The front-page example on lmql.ai has trailing space issues as well:

@lmql.query
def meaning_of_life():
    '''lmql
    # top-level strings are prompts
    "Q: What is the answer to life, the \
     universe and everything?"

    # generation via (constrained) variables
    "A: [ANSWER]" where \
        len(ANSWER) < 120 and STOPS_AT(ANSWER, ".")

    # results are directly accessible
    print("LLM returned", ANSWER)

    # use typed variables for guaranteed 
    # output format
    "The answer is [NUM: int]"

    # query programs are just functions 
    return NUM
    '''

# so from Python, you can just do this
meaning_of_life() # 42

These are all toy examples, so I think the impact is limited, but I think it shows how easy it is for users to make prompt boundary mistakes.

lbeurerkellner commented 7 months ago

Yes, thank you for compiling the examples. I am very aware of the issue and I agree that token healing should be added. I have been working on some things, which will bring token healing among other things.
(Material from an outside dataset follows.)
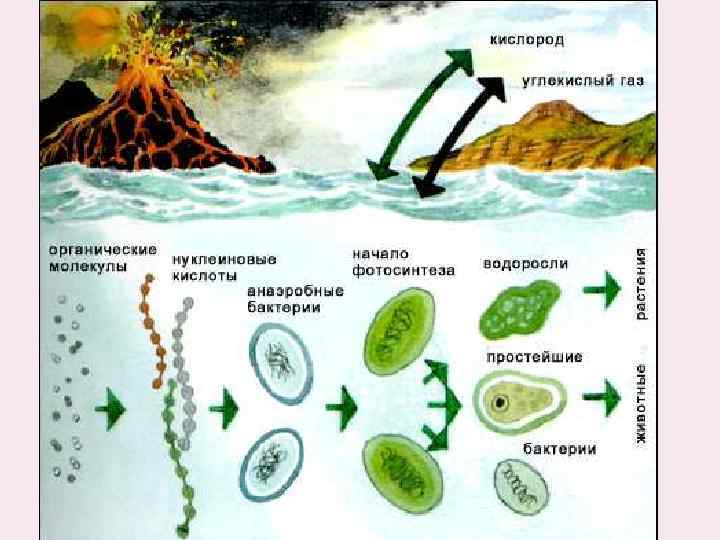 Эволюция пробионтов Анаэробные гетеротрофы Хемотрофные бактерии Фототрофные бактерии с ФС-1 Источник С – CO 2 , H – H 2 S Сине-зеленые с ФС-2 Источник С – CO 2 , H – H 2 O Фотолиз воды Обособление ядра Симбиоз анаэробной клетки с аэробными бактериями→митохондрии Симбиоз анаэробной клетки с сине-зелеными→хлоропласты

It is more of a capacity and time issue right now, so I cannot really give an ETA on it, but it is definitely happening :)

ibehnam commented 2 months ago

@lbeurerkellner Just wanted to get an update on this after a few months. I know you guys are busy, but did you by any chance get to work on this feature? If not, it'd be nice to have a short tutorial on what to do to avoid token boundary issues using LMQL.